La particularidad de EE UU radica en que ese pesimismo es mucho más destructivo en un país, como este, basado en la iniciativa individual y la confianza del ciudadano en su sociedad. Los sistemas europeos, en alguna medida, funcionan por encima del ciudadano. Aquí, el éxito del país está esencialmente vinculado al éxito de sus individuos, léase Steve Jobs. El optimismo es la principal fuerza motriz de una economía cuyas dos terceras partes dependen del consumo privado, una actividad que está íntimamente relacionada con la confianza en el futuro, es decir, con el optimismo.
Los norteamericanos no encuentran muchas razones para ser optimistas. Un 66% creen que la distribución de la riqueza es injusta, y los datos les dan la razón. Un informe de la Oficina del Presupuesto del Congreso, la institución más respetada del país en materia económica, certificaba el miércoles que, tal como dicen en Ocupa Wall Street, el 1% de la población ha doblado sus ingresos en los últimos 30 años, mientras que la quinta parte más pobre los ha aumentado en un 18%.
Sin embargo, la injusticia distributiva no explica todo el abatimiento actual. De hecho, ese desequilibrio se viene produciendo desde Ronald Reagan y su famosa política del goteo, y solo ahora aparece como un inconveniente en una nación en la que hacer dinero, cuanto más mejor, nunca ha sido pecado. Ese problema ha ascendido en la lista de reivindicaciones ciudadanas en la medida en que han crecido también otros que atormentan y desmoralizan a las familias, problemas como el desempleo, los desahucios de viviendas y las deudas por estudios, que desalientan a millones de jóvenes en un terreno que es esencial para el futuro.
Sobre esos tres asuntos está ofreciendo propuestas estos días el presidente Obama. Ha presentado un plan de inversión pública para estimular la economía, otro para la refinanciación más favorable de las hipotecas y uno más, este miércoles, para reducir los pagos que los estudiantes tienen que desembolsar por sus matrículas, que suelen prolongarse durante muchos años. Todos ellos son planes que han recibido mayormente elogios entre los especialistas y que recogen ideas que en el pasado han sostenido tanto demócratas como republicanos. Pero difícilmente esos planes van a resolver los problemas porque, desgraciadamente, su autor, Obama, es hoy parte del problema.

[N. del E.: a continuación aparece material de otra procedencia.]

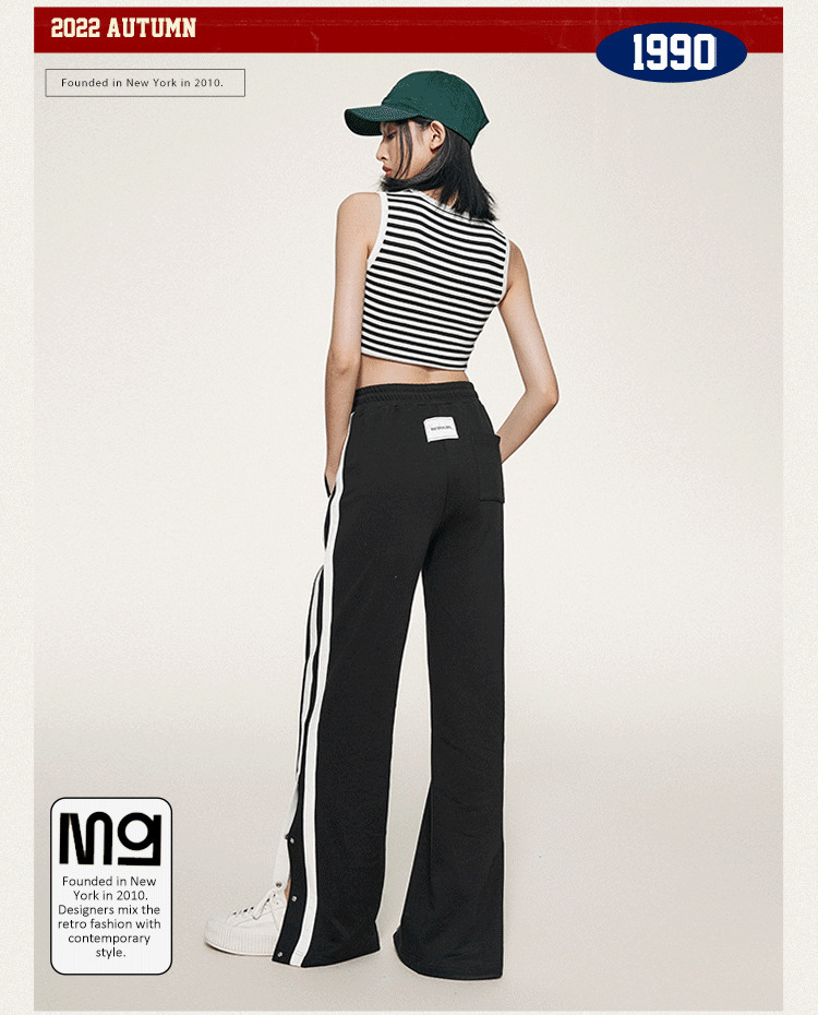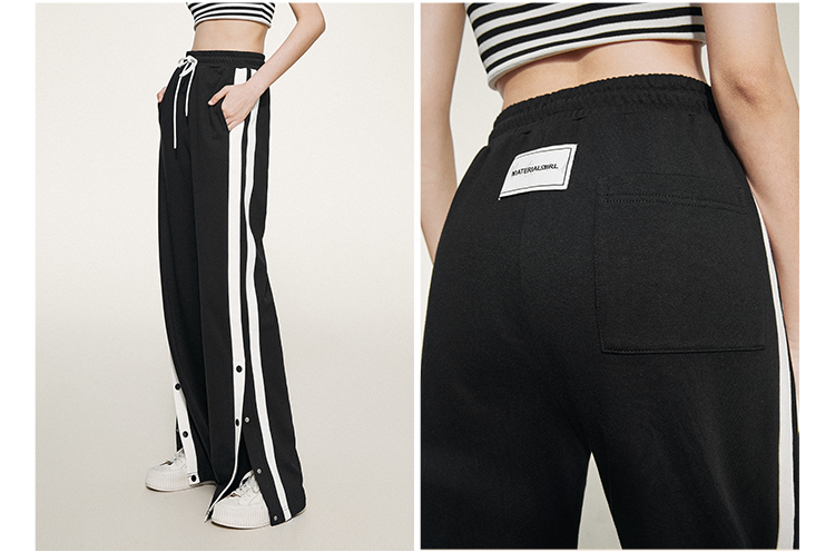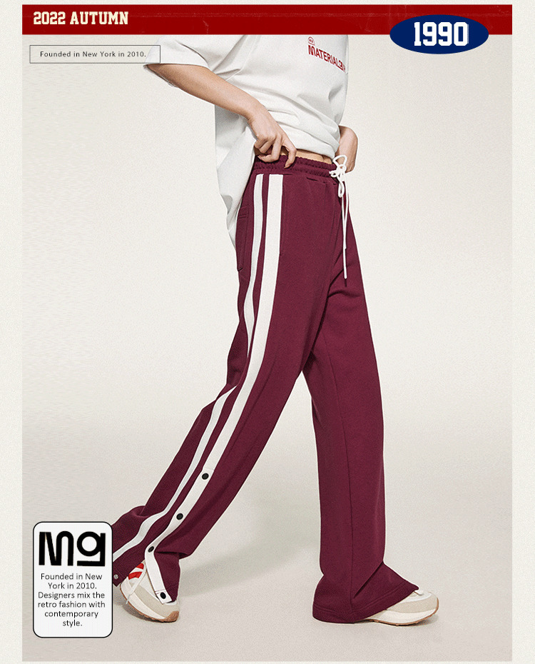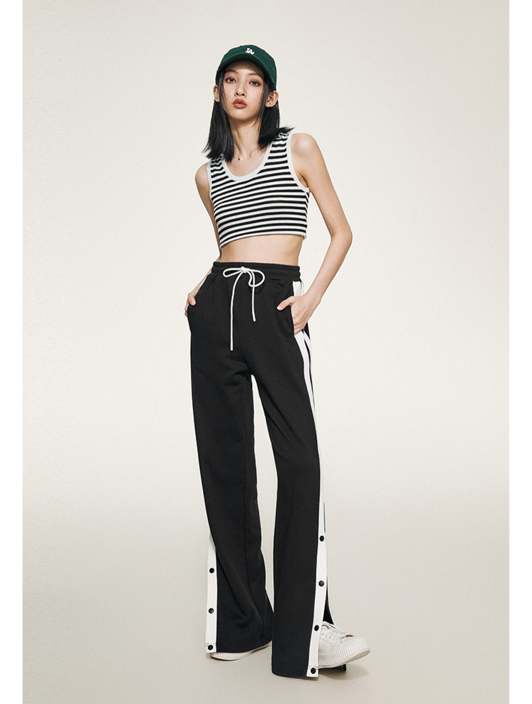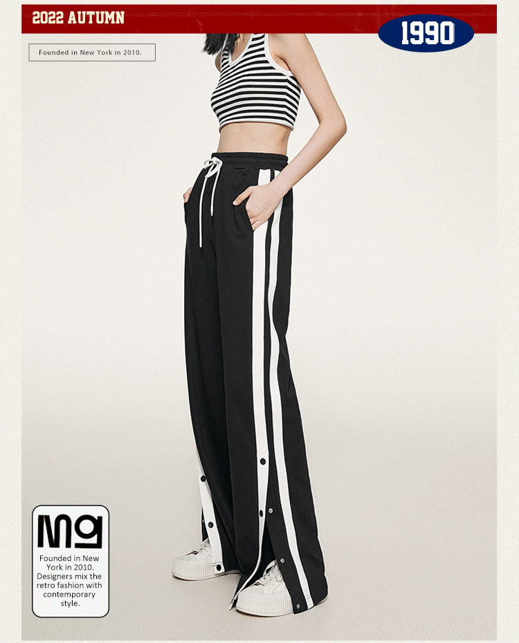 1990s學院側排釦抽繩長褲
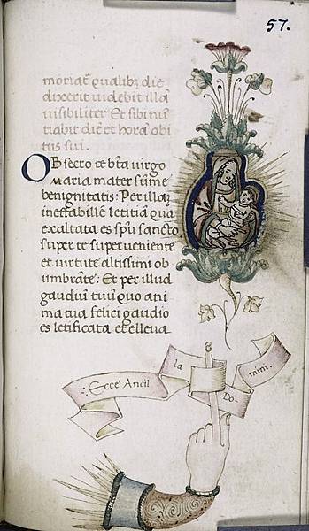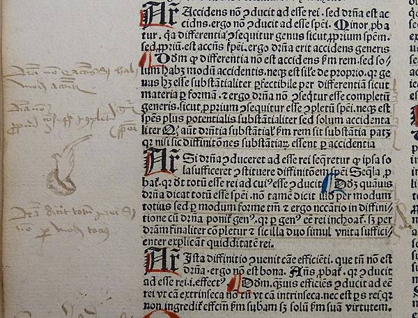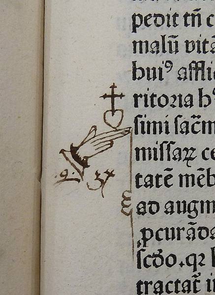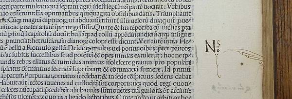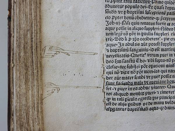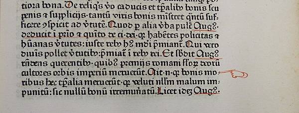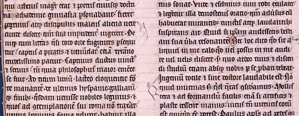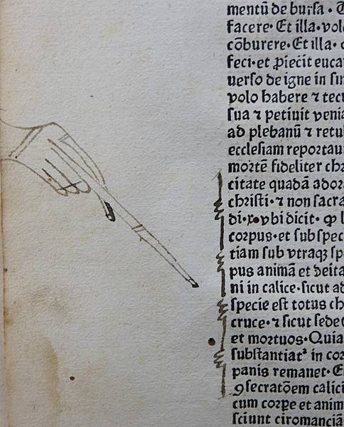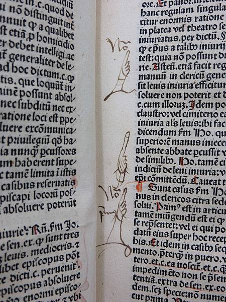 最後說一個有趣的小細節,臺大手稿倒數第二頁的左上方,第19節旁邊,赫然畫了一支比中指的小手(圖三)!根據資料,這個圖案應該是所謂的「manicule」,流行於歐洲中世紀與文藝復興時期,通常是為了標記出文章中重要的字句。猜猜看指出的是哪段文字?(答案就在圖三中。)
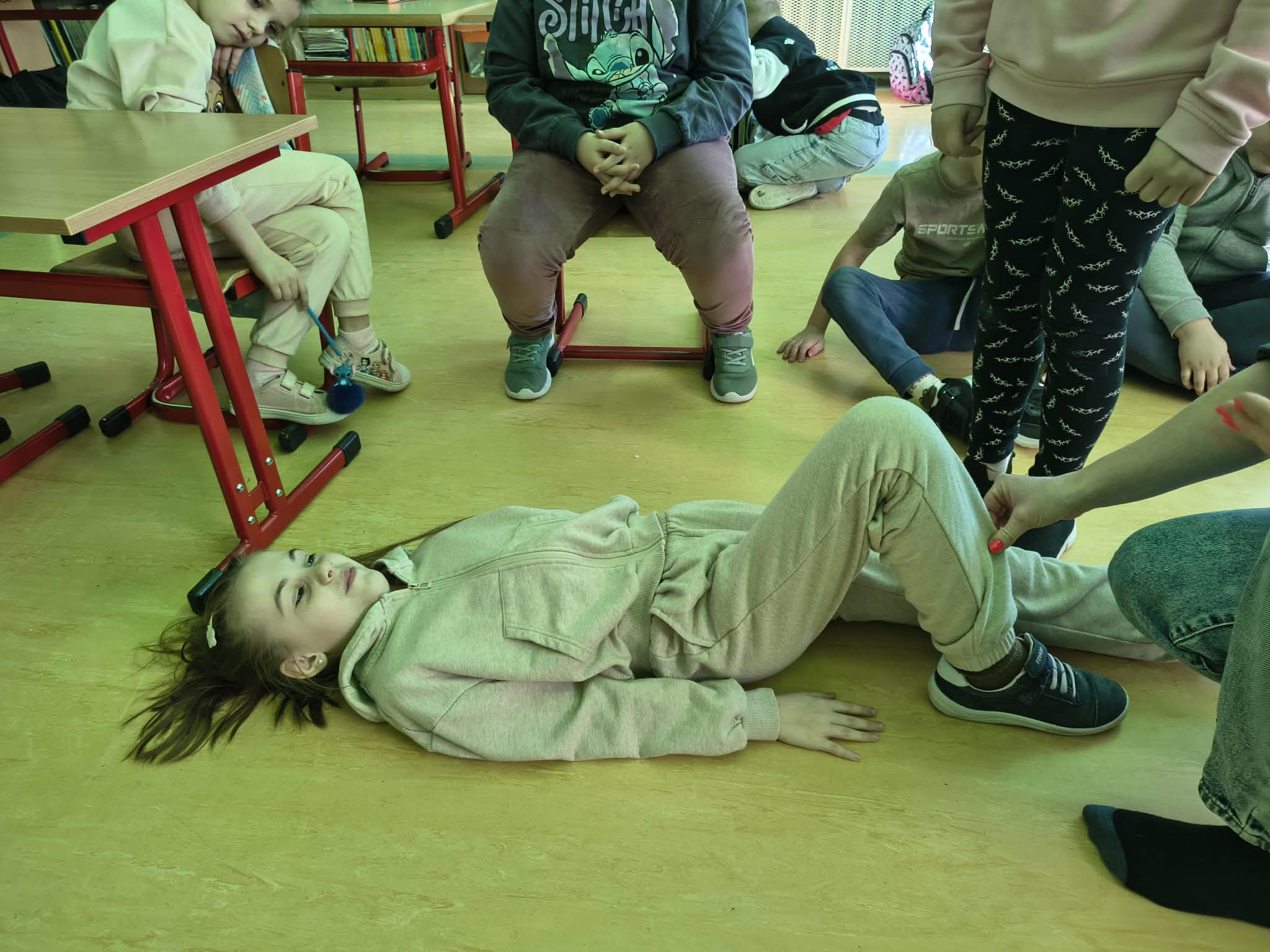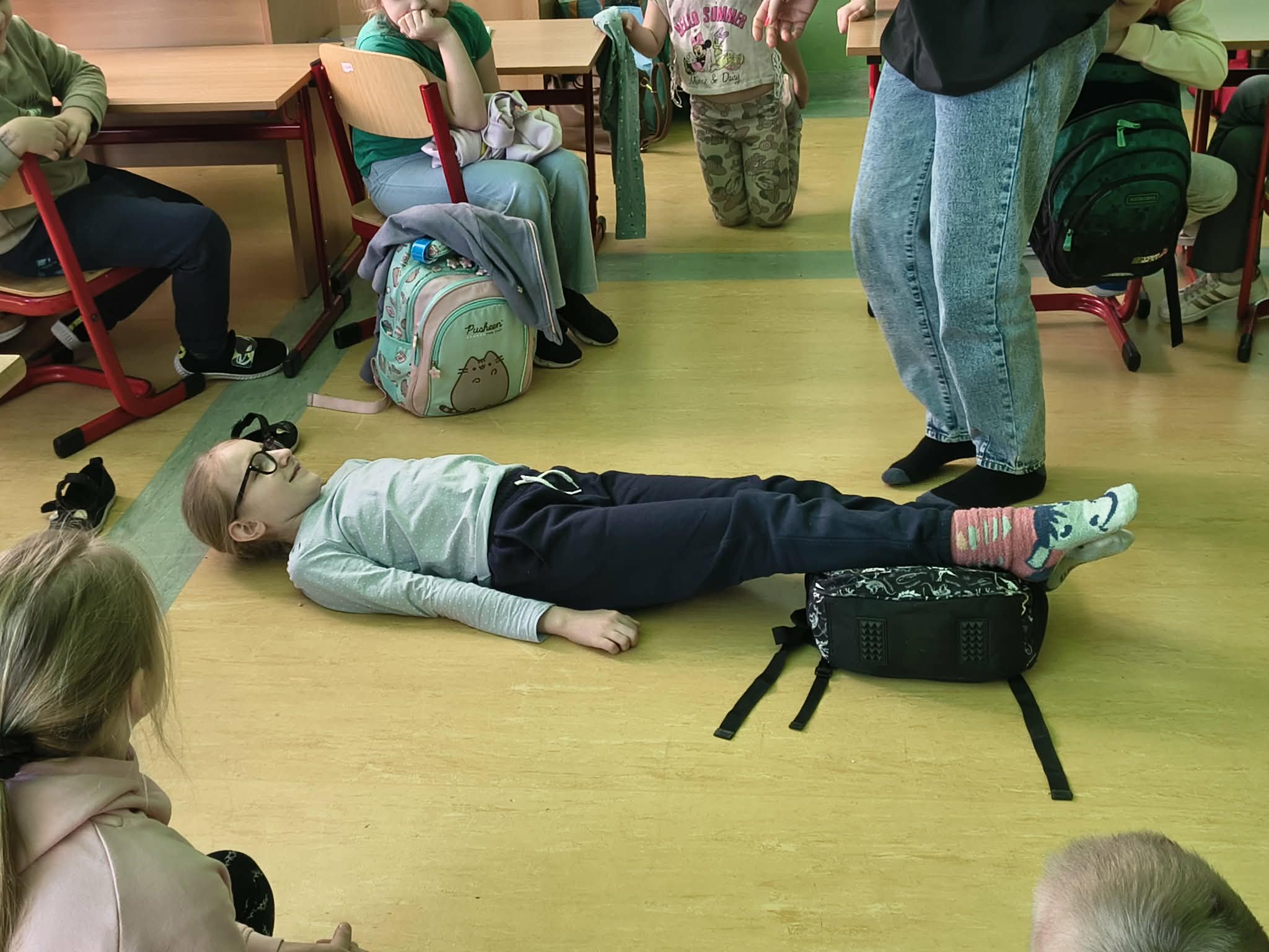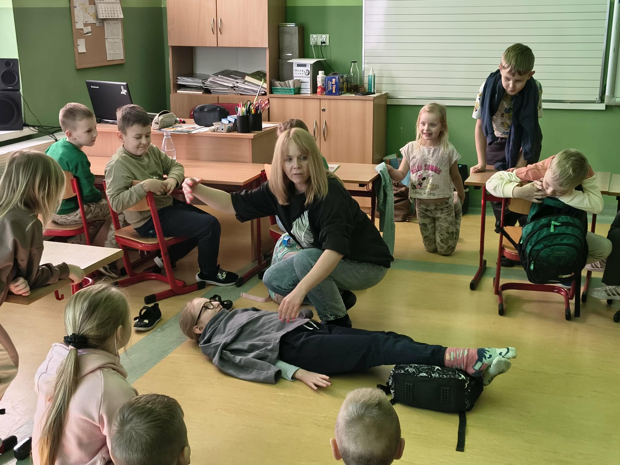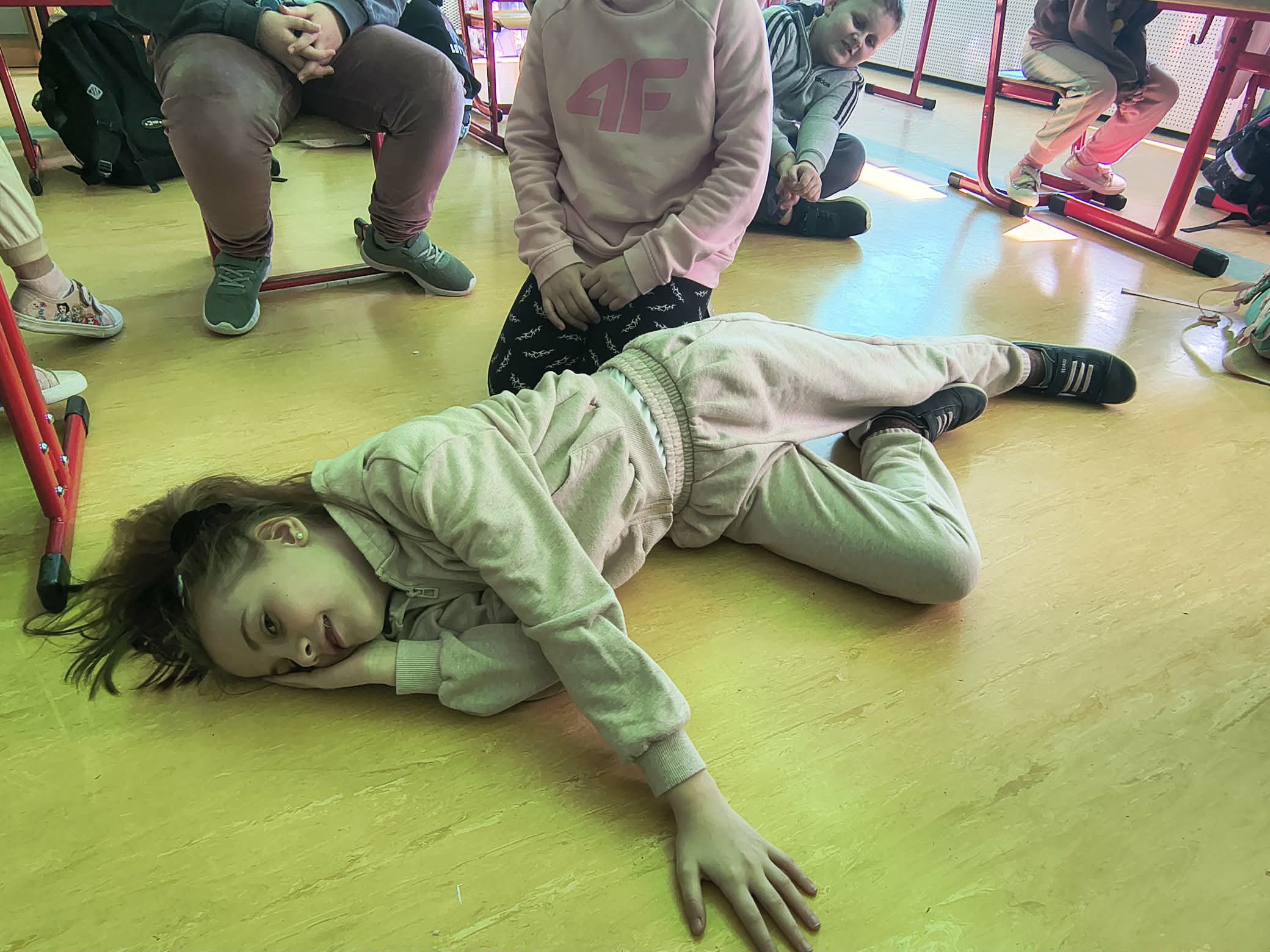 Każdy uczeń miał okazję samodzielnie przećwiczyć układanie poszkodowanego w pozycji bocznej bezpiecznej. Dzieci dowiedziały się, kiedy należy ją zastosować i dlaczego jest ona tak ważna dla bezpieczeństwa osoby nieprzytomnej.
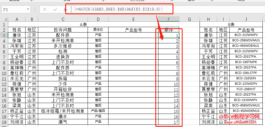 完成多条件查询第一步先要确定A表中姓名&地区合并后对应在B表中姓名&地区的顺序。这里我们通过MATCH来完成,我们用个简单的例子说明。
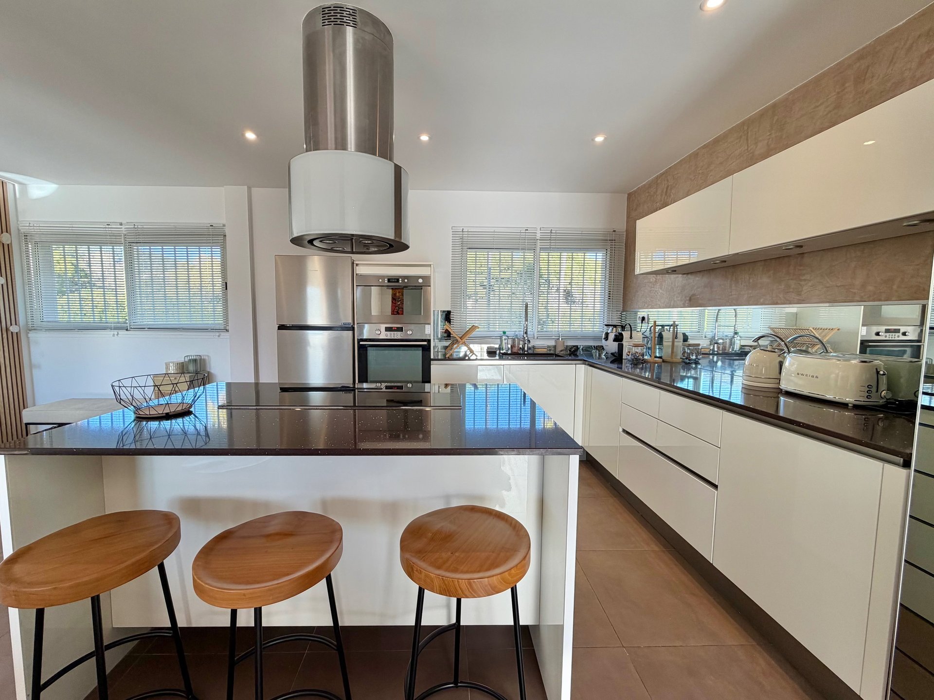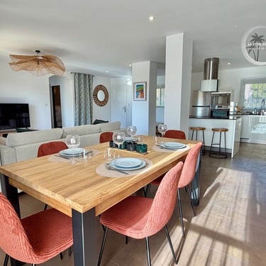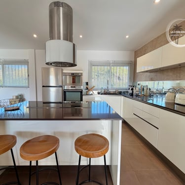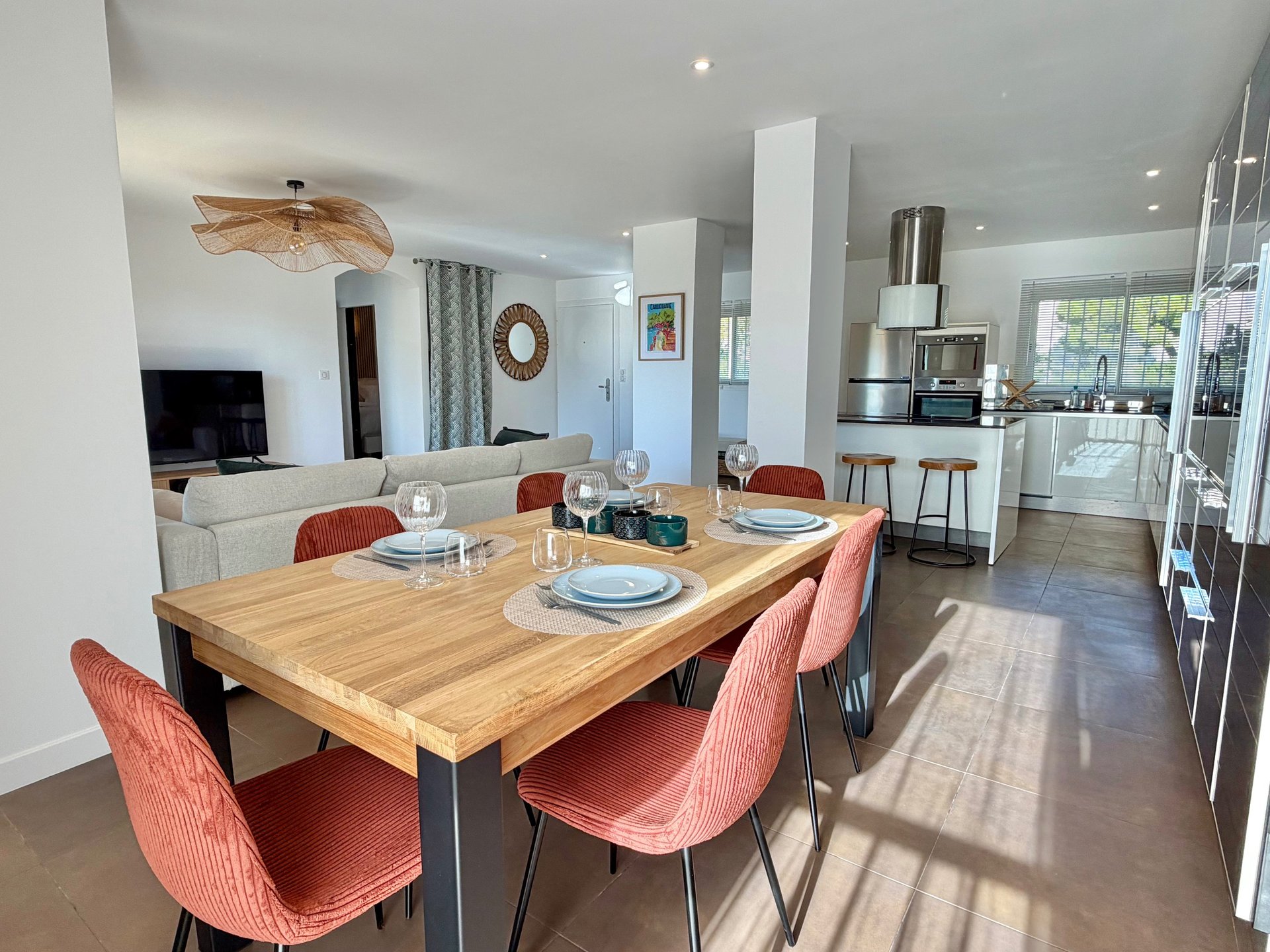 - Cuisine ouverte entièrement équipée : four, micro-ondes, plaques de cuisson, hotte, lave-vaisselle, réfrigérateur-congélateur, cafetière Nespresso, bouilloire, grille-pain, presse-agrumes…

Esta es la tercera pata de la crisis de confianza en EE UU, la decepción por la situación política. Decepción, primero, con la gestión de Obama, quien siendo todavía apreciablemente respaldado, no ha traído el gigantesco cambio que parecía anunciarse.
El carácter de los estadounidenses se ha envenenado en estos tiempos. Por primera vez en su historia reaccionan con complejos ante un competidor: China. En los años ochenta y noventa del siglo pasado estaban preocupados por la competencia de Japón, pero aquello resultó un revulsivo. Ahora están asustados ante el ascenso de sus rivales, y, tanto en la derecha como en la izquierda, claman por más proteccionismo y más aislacionismo, la dirección contraria al instinto natural de este país.